WHAT THE TASK ASKS
All of the listing should be returned as written, apart from any picture in it.

GIVEN INFORMATION

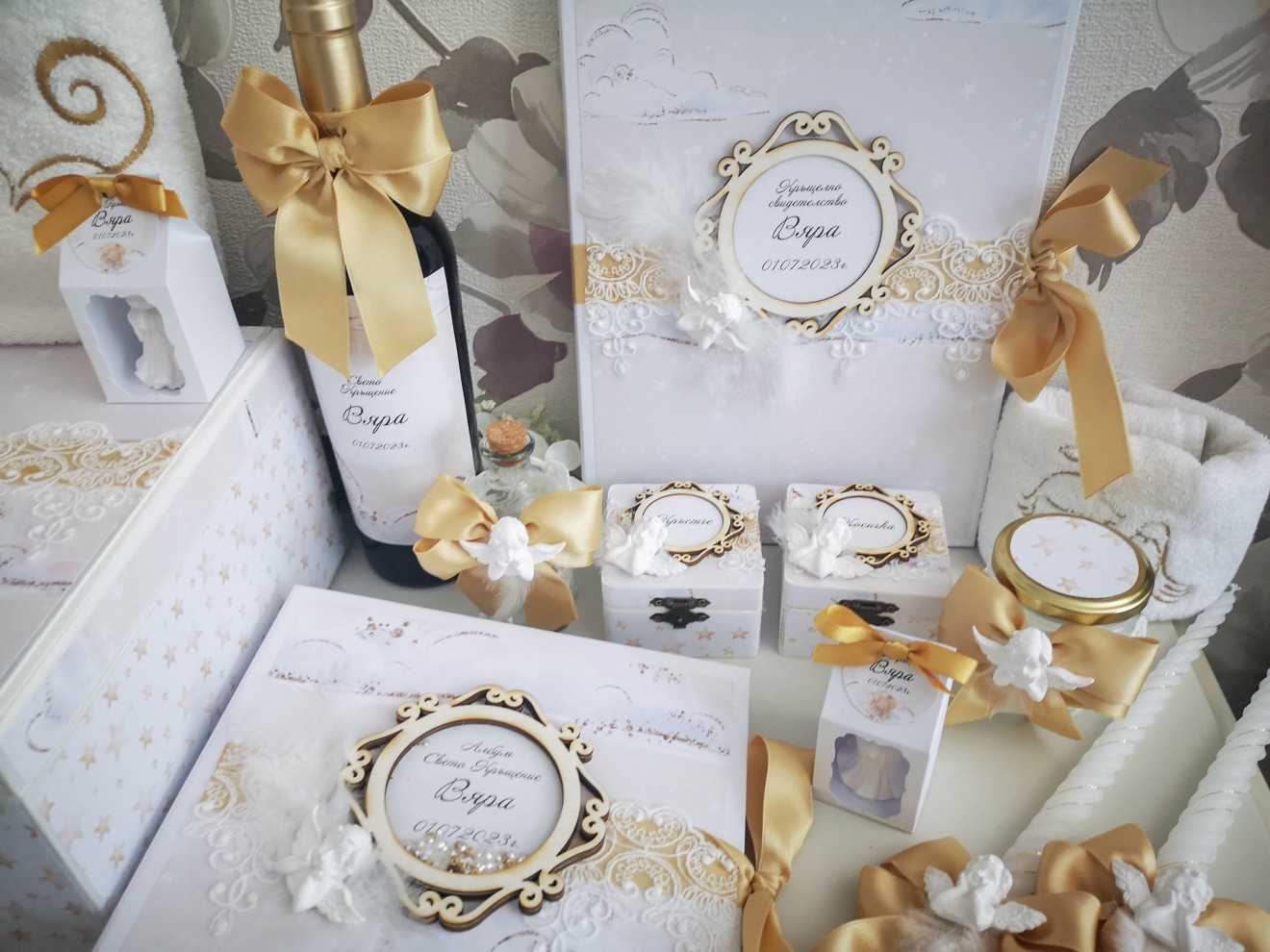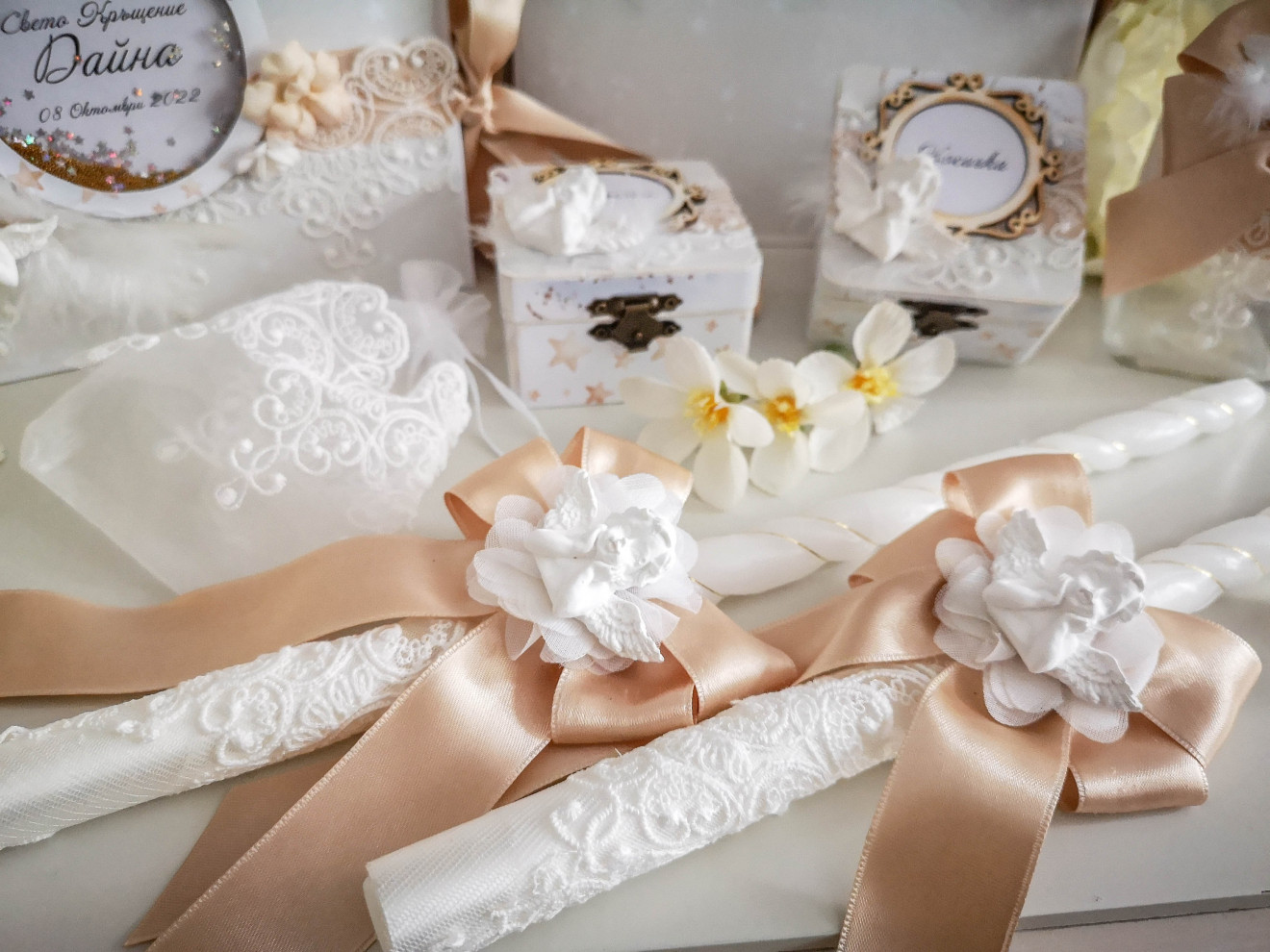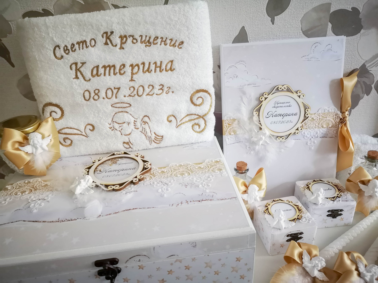 Комплект за кръщене "Ангели", в бежаво, златно и ангелчета, в декорацията още дантела, пера, цветя, керамични фигурки и сатенена панделка. Може да се изработи в различен цвят и сходна декорация, както за момиче, така и за момче. Комплектът се състои от: ?Папка за кръщелно свидетелство ?Малка дървена кутийка за кръстче ?Малка дървена кутийка за косичка ?Комплект ритуални свещи 40см. ?Бурканче за мед ?Шишенце за олио ?Шишенце за светена вода ?Торбичка със сапунче ?Комплект голяма и малка кърпи с бродерия Към него могат да се направят още - голяма дървена кутия съхранение 35х25х15см., книга за пожелания, кутия за пари, бутилка ритуално вино, кърпа за кръстниците, албум за съхранение на снимките от кръщенето, покани за гостите, подаръци за гостите, етикети и др. Изработвам по поръчка в рамките на 14-21 дни. Обявеният срок е ориентировъчен и варира в зависимост от моментната ми натовареност. При интерес, пишете ми или се обадете на посочения телефон. Заповядайте и да разгледате още от моите творения за бебета и деца на страницата ми https://www.facebook.com/ArtelinaByYasnaBozhinova
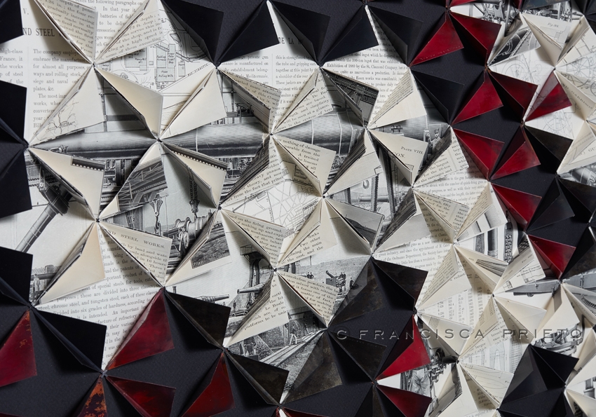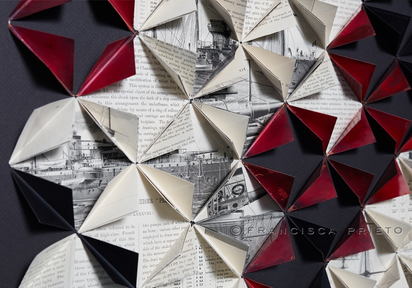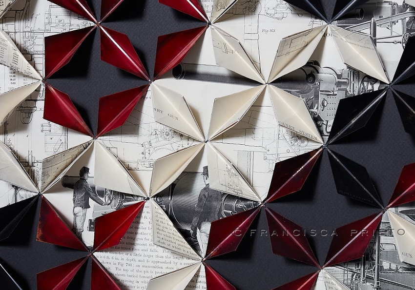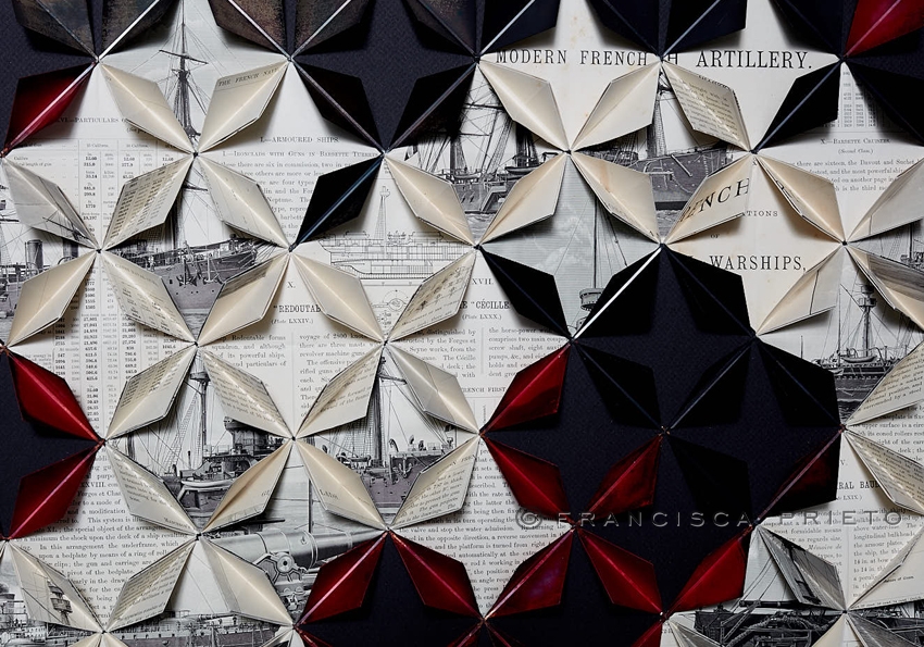 The pages of Modern French Artillery look to celebrate the advancement of weaponry in the late 1800s, yet their detail reveals layers of stories that questions the lines of intent. Emerging from the pages are intricate illustrations of warships, lists of numerous weapons and the impressive weight and firing range of ammunition; a metallic multiplicity of epic proportion. Darkly these images are framed by the shadows of time and consequence past, black as the blinding smoke of cannons and the depths of the sea that keeps many watery graves. This darkness is punctuated with the jagged edge of intense crimson, the deep welling of blood shed by these inventions.
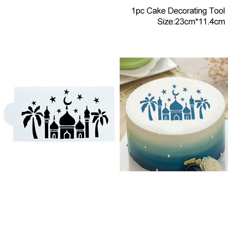 1Pc Ramadan Kareem Spray Stencils Birthday Cake Mold Decorating Tools Eid Mubarak Muslim Islamic Festival Party DIY Decorations

RESULT OF THE TASK
 Комплект за кръщене "Ангели", в бежаво, златно и ангелчета, в декорацията още дантела, пера, цветя, керамични фигурки и сатенена панделка. Може да се изработи в различен цвят и сходна декорация, както за момиче, така и за момче. Комплектът се състои от: ?Папка за кръщелно свидетелство ?Малка дървена кутийка за кръстче ?Малка дървена кутийка за косичка ?Комплект ритуални свещи 40см. ?Бурканче за мед ?Шишенце за олио ?Шишенце за светена вода ?Торбичка със сапунче ?Комплект голяма и малка кърпи с бродерия Към него могат да се направят още - голяма дървена кутия съхранение 35х25х15см., книга за пожелания, кутия за пари, бутилка ритуално вино, кърпа за кръстниците, албум за съхранение на снимките от кръщенето, покани за гостите, подаръци за гостите, етикети и др. Изработвам по поръчка в рамките на 14-21 дни. Обявеният срок е ориентировъчен и варира в зависимост от моментната ми натовареност. При интерес, пишете ми или се обадете на посочения телефон. Заповядайте и да разгледате още от моите творения за бебета и деца на страницата ми https://www.facebook.com/ArtelinaByYasnaBozhinova
 The pages of Modern French Artillery look to celebrate the advancement of weaponry in the late 1800s, yet their detail reveals layers of stories that questions the lines of intent. Emerging from the pages are intricate illustrations of warships, lists of numerous weapons and the impressive weight and firing range of ammunition; a metallic multiplicity of epic proportion. Darkly these images are framed by the shadows of time and consequence past, black as the blinding smoke of cannons and the depths of the sea that keeps many watery graves. This darkness is punctuated with the jagged edge of intense crimson, the deep welling of blood shed by these inventions.
 1Pc Ramadan Kareem Spray Stencils Birthday Cake Mold Decorating Tools Eid Mubarak Muslim Islamic Festival Party DIY Decorations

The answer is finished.